One of the main choices that employees and employers face is whether to choose between fixed rate and hourly pay. There are advantages and disadvantages to each of these forms of payment, and it's important to understand them before making a choice. So, let's get started:
Fixed rate
A fixed rate is a payment for a fixed amount of working time, regardless of how much work needs to be done. This means that an employee earns the same amount of money every week, regardless of how many work tasks they complete.
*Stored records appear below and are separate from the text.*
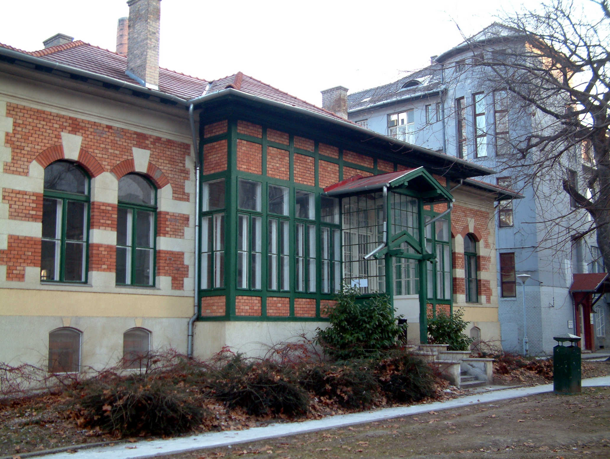 Az 1959-ben alapított Külső Műtéti Klinikák Kísérleti Kutató Laboratóriumának háborús (1945 és 1956) sebeket viselő főépülete a Külső Klinikai Telepen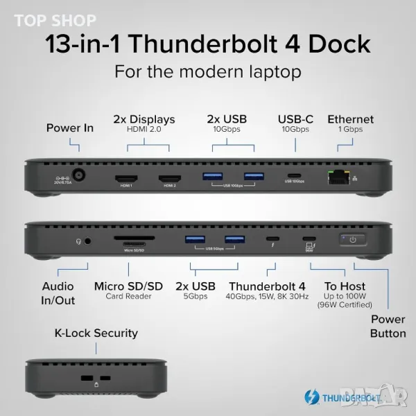 Докинг станцията, сертифицирана с Thunderbolt 4, включваща двойни 4K 60Hz HDMI и 8K възможности, заедно с до 100W захранване (96W сертифицирано). С общо 13 порта, включително Thunderbolt 4 нагоре и надолу по веригата, този хъб осигурява безпроблемно свързване и зареждане за вашите устройства. Насладете се на подобрена производителност с двойни 4K дисплеи или един 8K дисплей, всички с висока честота на опресняване. Сертифицирана за Thunderbolt 4, тя предлага светкавично бързи скорости на трансфер на данни до 40Gbps. Съвместима с Windows 10 или по-нови системи и на системи Mac двойният дисплей се поддържа само на системи M1 Pro/Max, M2 Pro/Max и M3 Pro/Max, това е най-доброто решение за многостранна свързаност и ефективна многозадачност.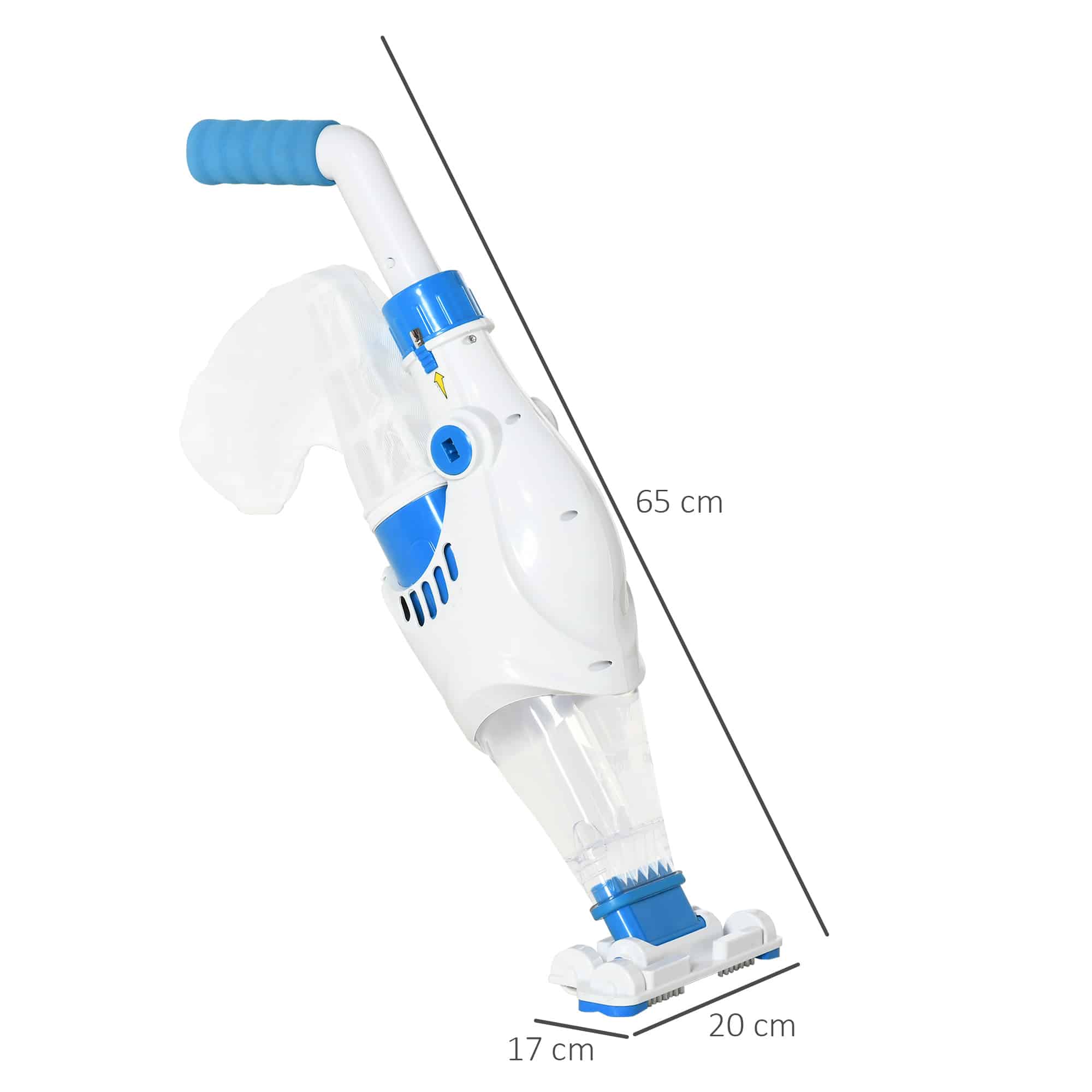 Deze zwembadstofzuiger is voorzien van een super head voor het grondig reinigen van hoeken en lastige plekken. Met totale afmetingen van 65L x 20B x 17H CM en een handvat van 21L x 14B x 3.5H CM is hij compact en gemakkelijk te hanteren. De montage is eenvoudig en vereist geen specialistische kennis.

A fixed rate can be set for a day, week, month, or year.
Advantages of a fixed rate:
- an employee can easily plan his or her budget, as he or she knows how much money he or she will receive for a certain period of time;
- employers can better control their salary costs, as they know exactly how much money they have to pay the employee each week, month, etc.
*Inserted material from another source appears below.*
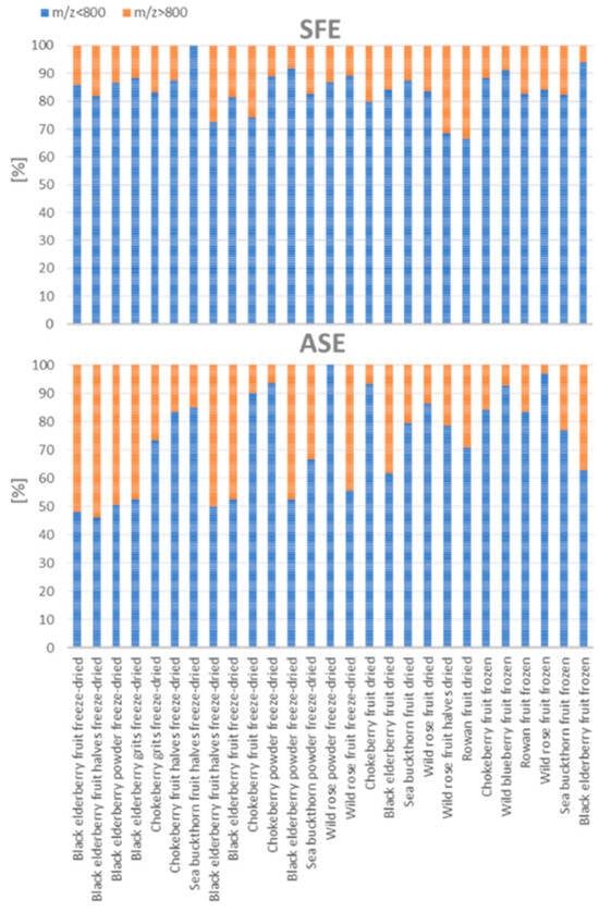 Percentage distribution of m/z values below and above 800 in plant extracts obtained using two extraction methods: accelerated solvent extraction (ASE) and supercritical fluid extraction (SFE).

Disadvantages of a fixed rate:
- if an employee works fewer hours, his or her salary will be the same, which can lead to a decrease in motivation to work more.
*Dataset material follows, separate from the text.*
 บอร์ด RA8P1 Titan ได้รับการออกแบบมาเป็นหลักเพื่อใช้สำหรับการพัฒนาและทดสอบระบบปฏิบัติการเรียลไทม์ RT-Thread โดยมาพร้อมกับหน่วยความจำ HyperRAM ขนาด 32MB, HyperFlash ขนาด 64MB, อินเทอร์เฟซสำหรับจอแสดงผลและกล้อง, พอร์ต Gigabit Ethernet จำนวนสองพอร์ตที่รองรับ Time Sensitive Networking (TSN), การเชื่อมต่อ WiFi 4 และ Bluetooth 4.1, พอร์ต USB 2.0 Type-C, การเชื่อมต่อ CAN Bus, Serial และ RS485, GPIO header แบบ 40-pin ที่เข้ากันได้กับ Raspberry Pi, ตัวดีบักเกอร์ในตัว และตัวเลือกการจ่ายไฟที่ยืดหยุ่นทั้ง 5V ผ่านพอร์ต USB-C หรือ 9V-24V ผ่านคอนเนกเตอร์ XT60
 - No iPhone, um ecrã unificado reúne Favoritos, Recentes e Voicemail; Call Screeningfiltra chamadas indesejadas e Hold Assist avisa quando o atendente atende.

- similarly, if an employee has worked more hours and their salary does not change, this can lead to a feeling of inequality in remuneration, which will reduce the efficiency and quality of work.
Hourly pay
Hourly pay is payment for each hour of work. This means that an employee is paid for each hour they work. Hourly pay can be set per day, week, month or year.
Advantages of hourly pay:
- an employee's productivity can be increased because they know they will be paid for every hour they work;
- employers can save more money as they only pay the employee for the hours they have worked.
Disadvantages of hourly pay:
- the other side of the coin is the negative impact on efficiency. For example, you have a designer in your company who needs 5 hours to create mockups for a one-page website. But it takes your senior designer 2 hours. Does that mean he should get paid less? No, you can increase the hourly rate and temporarily solve the problem, but it doesn't always work well.
Which payment model should I choose?
Both pricing models have their pros and cons. But there's no reason you can't use both.
When to use a fixed rate?
Communicating with the client before starting work is key to the success of fixed fees. A flat rate is ideal for the following types of work:
- Risky work
- Small projects with predictable milestones and tasks
- You can easily estimate the cost based on previous projects
- The scope of work is specific, the requirements are clearly defined
When to use hourly billing?
Hourly billing is ideal for the following types of work:
- High risk, high value work
- Project scope cannot be fully defined
- Long-term projects with dynamic requirements
- The scope of work is expected to change as the project progresses
But remember, whatever payment model you choose, using a time tracker will help you achieve your goals and increase your salary.
Try implementing Yaware.TimeTracker – a simple and convenient time tracker for teams of any size and structure, designed specifically to increase productivity and achieve better results.
With its help, you will find out:
- what time of day is the most productive for employees;
- what resources employees use to complete a specific task;
- how much time is spent on a task;
- when difficulties arise in completing a task and help is needed;
- what distracts employees and prevents them from moving forward.
In addition, Yaware offers 14 days of free use of the software so you can experience its functionality to the fullest!
Conclusion
There will never be one right answer for every situation, but it is important to weigh the pros and cons of each salary model, and to assess the value of your work and the risk you are taking.